Years ago, when I first conceptualized the doghouse, I decided just to have a large removable sliding hatch that extend far enough forward that the keel could be raised through the same oversized opening.  This forced several undesirable outcomes.  One is that my hatch doesn't push very far forward when opened. Another is the top of the doghouse had to be made bone straight for the entire length of the hatch and garage.  Finally, the gutters, due to their length, would not have much pitch, and might trap standing water.  I thought about lot's of creative drain solutions, but in the end, decided on a pretty standard approach, and I worked hard on keeping the whole assembly snug enough to inhibit any large influx of wave water.

After lots of sketches, my build started with the gutters and the integral garage for the slider.  One of my biggest concerns was matching the arc-shaped top of my doghouse.  I checked the as-built curvature with a deerskin template, and set to work to model my part in Rhino.  Once I had a plan put together, it was a joy to test my skills with a slightly more complicated mold on the new CNC.

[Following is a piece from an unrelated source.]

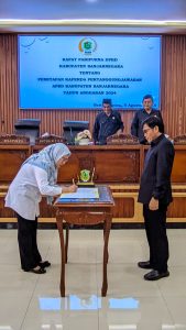 Humas.DPRD, Selasa 5 Agustus 2025 – Dewan Perwakilan Rakyat Daerah (DPRD) Kabupaten Banjarnegara menggelar Rapat Paripurna dalam rangka Penetapan Rancangan Peraturan Daerah (Raperda) tentang Pertanggungjawaban Pelaksanaan Anggaran Pendapatan dan Belanja Daerah (APBD) Tahun Anggaran 2024, bertempat di Ruang Paripurna DPRD Kabupaten Banjarnegara.

Here the new CNC is going to work on a glued stack of MDF.  I started with an approximate shape, but I still filled the dust collector straight away.


From there I moved the mold over for some sanding to reduce tool marks, and added a few coats of West Systems, using the clear 207 hardener.  I used the wet on wet method, re-coating several times when tacky to build up a film gauge to sand against.

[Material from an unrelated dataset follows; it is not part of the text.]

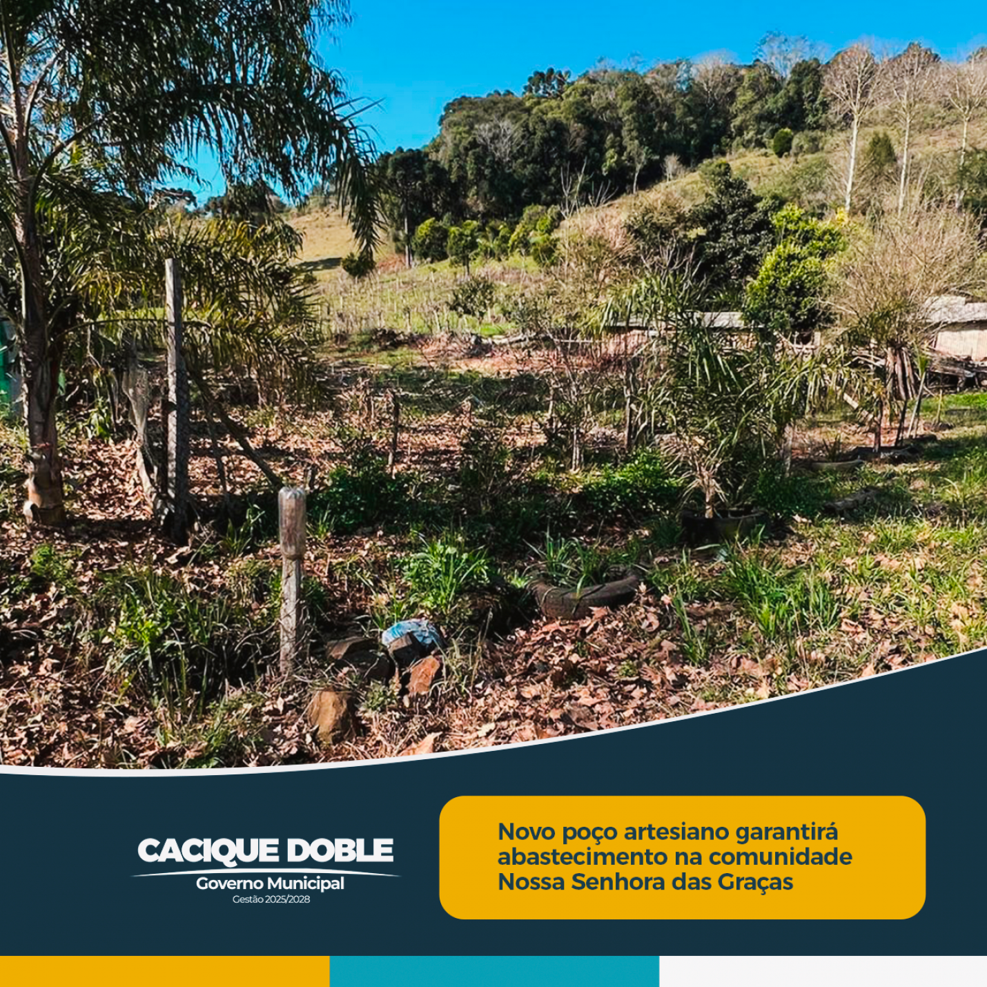 A água, elemento vital para a vida e para a produção rural, está prestes a chegar com mais segurança e regularidade para os moradores da comunidade Nossa Senhora das Graças, em Cacique Doble. A localidade será contemplada com a perfuração de um poço artesiano, medida que busca amenizar os impactos da crise hídrica causada pelas frequentes estiagens que afetam o Rio Grande do Sul, especialmente nas áreas rurais.

For my final coat of resin, as I've become accustomed on MDF molds, I added white pigment.  This can help when you want to gauge how much material you are removing.  The pic below shows the beginning of the layup.  I added some fairly significant layering along the U channel, as in addition to serving as rain gutters, this part is designed to stiffen and strengthen the roof of the doghouse.


After curing, I put the mold back on the router and cut the part directly to final outline.  The trick is to index it in the right spot.  I have some alignment pins on my machine bed that made this straightforward.

I'm pretty excited in this pic, as this is the first dry fit of the part.  I attached it with machine screws to check it all out.  The curvature is a close match to the transverse arc of the roofline.


I had to adjust the front lip of the garage, so I made a trench out of some mylar film and built it up with bog, followed by some carbon to add stiffness.



For a sliders, Paul Bieker suggested I perhaps try with skived PTFE.  You can buy strips of this stuff from McMaster Carr that comes chemically etched on one side to enable bonding with epoxy.  I am somewhat worried that it's too soft to wear well, but it's slippery as hell, and it won't crack and craze like the other white plastic options.

As sanding is easier on the bench, than on the boat, I rolled some 410 on the part and did a initially fairing.

Finally, I glued the part in place.  Some of the #10 screws got pretty saturated in resin, so I got them moving and extracted with the help of an old soldiering iron.